— TASK TO CARRY OUT —
Could you print, exactly and without pictures, only the lines from the one with "秋物 花柄 yingd30422261063" through the end of the records below?

— RECORDS SHOWN —

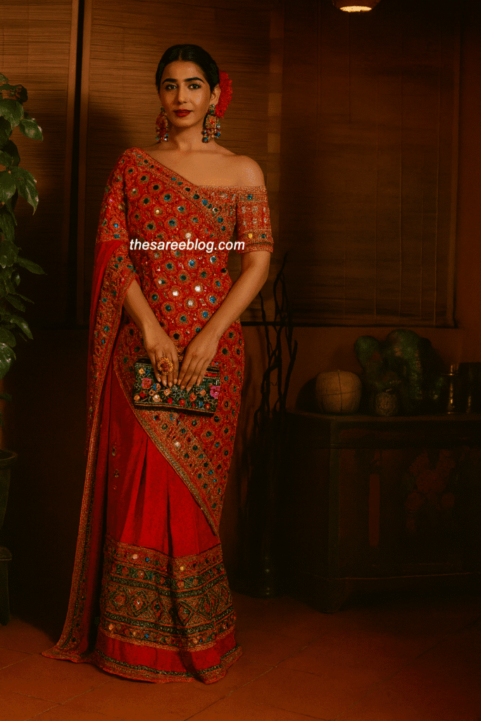5. Red Mirror Work Saree With Off-Shoulder Blouse
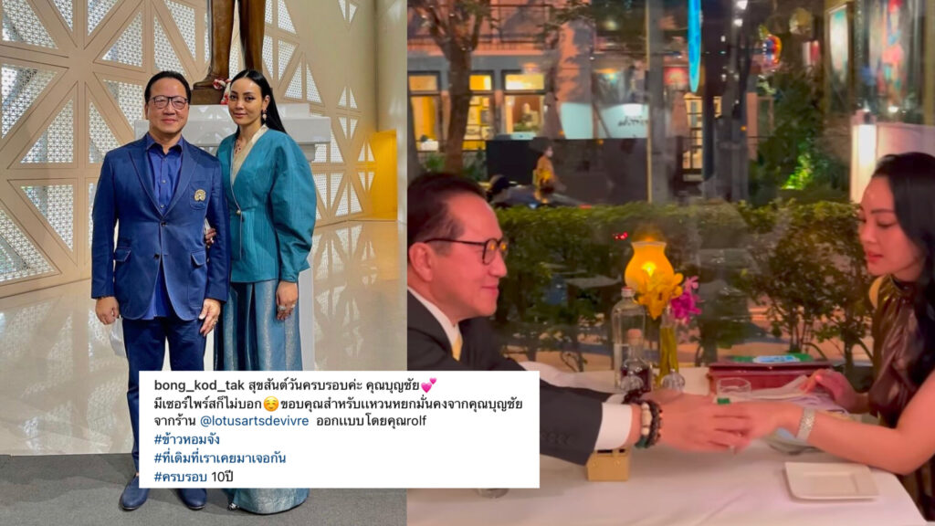 หวานมาก! “ตั๊ก บงกช” ยิ้มแก้มปริ “เจ้าสัวบุญชัย” มอบแหวนหยกให้ครบรอบ10ปี
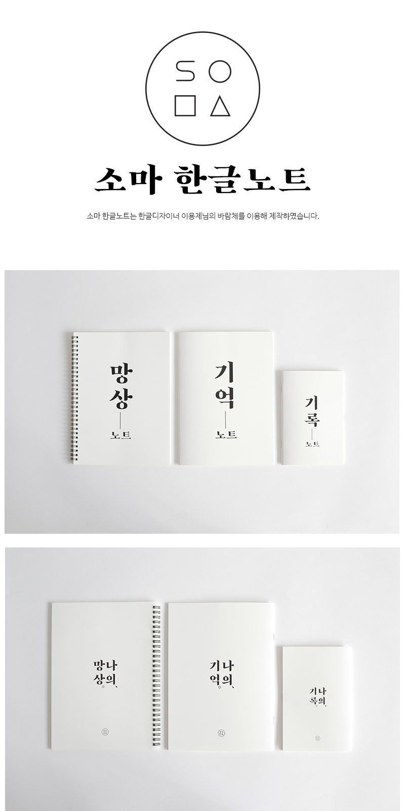 소마한글노트는 한글디자이너 이용제님의 바람체를 이용해 제작하였습니다.
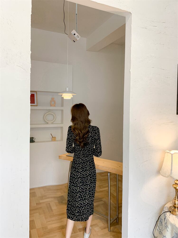 初秋の服2021新しいフランスのレトロなデザインセンスヘップバーンスタイルの黒のセクシーなスプリットフローラルドレスの女性 ブラック オータム 秋物 花柄 yingd30422261063
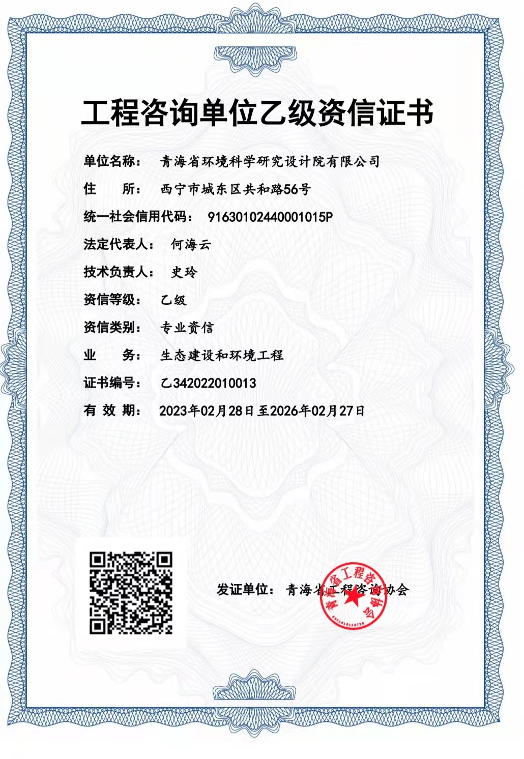 《工程咨詢單位乙級(jí)資信證書(shū)》,青海省工程咨詢咨詢協(xié)會(huì)頒發(fā),2023年2月8日
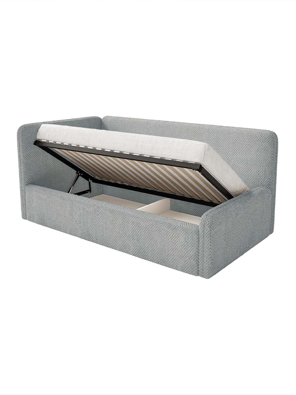 Patalynės dėžė: Yra. Atidaroma iš šono. Pakėlimo mechanizmo tipas - dujinis.

— EXPECTED OUTPUT —
 初秋の服2021新しいフランスのレトロなデザインセンスヘップバーンスタイルの黒のセクシーなスプリットフローラルドレスの女性 ブラック オータム 秋物 花柄 yingd30422261063
 《工程咨詢單位乙級(jí)資信證書(shū)》,青海省工程咨詢咨詢協(xié)會(huì)頒發(fā),2023年2月8日
 Patalynės dėžė: Yra. Atidaroma iš šono. Pakėlimo mechanizmo tipas - dujinis.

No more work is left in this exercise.